Tomatoes contain several different types of phytochemicals--plant nutrients that are protective against cancer and several other diseases. The most well-known phytochemical in tomatoes is lycopene. Lycopene gives tomatoes their red color. So, obviously you should make this pasta primavera! It's simple, easy weeknight meal that uses a jar of spaghetti sauce with a simple boost from added veggies and fiber. It is can easily be made over the weekend and saved for a busy weeknight.
Pasta Primavera [Vegan]
- 1 red onion, chopped
- 2 cloves garlic, minced
- 1 cup corn, frozen or fresh
- 1 jalapeño pepper (optional)
- 1 bell pepper, seeded and chopped
- 1 can (14.5 ounces), no salt added diced tomatoes
- 5 ounces baby kale and/or spinach
- 1, 24-ounce jar low-sodium pasta sauce
- 16 ounces dry 100% whole wheat/whole grain pasta
- 1/2 cup raw cashews, finely ground
- First, cook the whole grain pasta according to the directions on the package.

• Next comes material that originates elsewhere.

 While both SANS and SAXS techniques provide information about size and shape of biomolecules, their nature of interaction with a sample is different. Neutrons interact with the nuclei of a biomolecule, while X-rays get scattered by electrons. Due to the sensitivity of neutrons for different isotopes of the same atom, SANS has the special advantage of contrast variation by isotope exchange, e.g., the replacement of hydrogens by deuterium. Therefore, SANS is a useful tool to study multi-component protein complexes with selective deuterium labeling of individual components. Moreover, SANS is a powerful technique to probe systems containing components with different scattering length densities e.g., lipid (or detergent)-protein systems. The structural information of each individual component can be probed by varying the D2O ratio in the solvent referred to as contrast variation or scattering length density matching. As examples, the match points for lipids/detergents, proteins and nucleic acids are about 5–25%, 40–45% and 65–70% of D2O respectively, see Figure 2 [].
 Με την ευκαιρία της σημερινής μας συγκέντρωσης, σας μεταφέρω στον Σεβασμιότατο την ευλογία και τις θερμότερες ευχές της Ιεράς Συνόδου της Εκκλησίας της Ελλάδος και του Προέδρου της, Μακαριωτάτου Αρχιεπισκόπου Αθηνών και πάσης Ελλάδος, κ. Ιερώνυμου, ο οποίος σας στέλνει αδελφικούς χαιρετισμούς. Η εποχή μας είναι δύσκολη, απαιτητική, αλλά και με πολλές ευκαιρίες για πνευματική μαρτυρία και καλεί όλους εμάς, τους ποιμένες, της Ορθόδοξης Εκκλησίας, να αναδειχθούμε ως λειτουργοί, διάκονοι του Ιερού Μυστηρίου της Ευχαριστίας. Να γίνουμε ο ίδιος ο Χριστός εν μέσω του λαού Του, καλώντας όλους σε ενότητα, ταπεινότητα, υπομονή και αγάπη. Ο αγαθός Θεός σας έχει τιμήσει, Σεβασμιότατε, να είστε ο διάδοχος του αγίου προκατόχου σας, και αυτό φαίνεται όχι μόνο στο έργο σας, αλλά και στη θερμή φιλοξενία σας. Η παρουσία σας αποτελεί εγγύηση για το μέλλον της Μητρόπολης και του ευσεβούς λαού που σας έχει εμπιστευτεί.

- While the noodles are cooking, begin making the sauce. In a large skillet, sauté the onion, garlic, and corn for 5 minutes on medium heat.
- Add the jalapeño (if desired), bell pepper, and kale to the skillet and cook for 3 minutes.
- Add the diced tomatoes and pasta sauce to the skillet and cook for another 5 minutes.
- While the sauce is finishing, use a food processor to finely crush the raw cashews.
- When the sauce is finished, ladle the sauce over the pasta and top with cashews.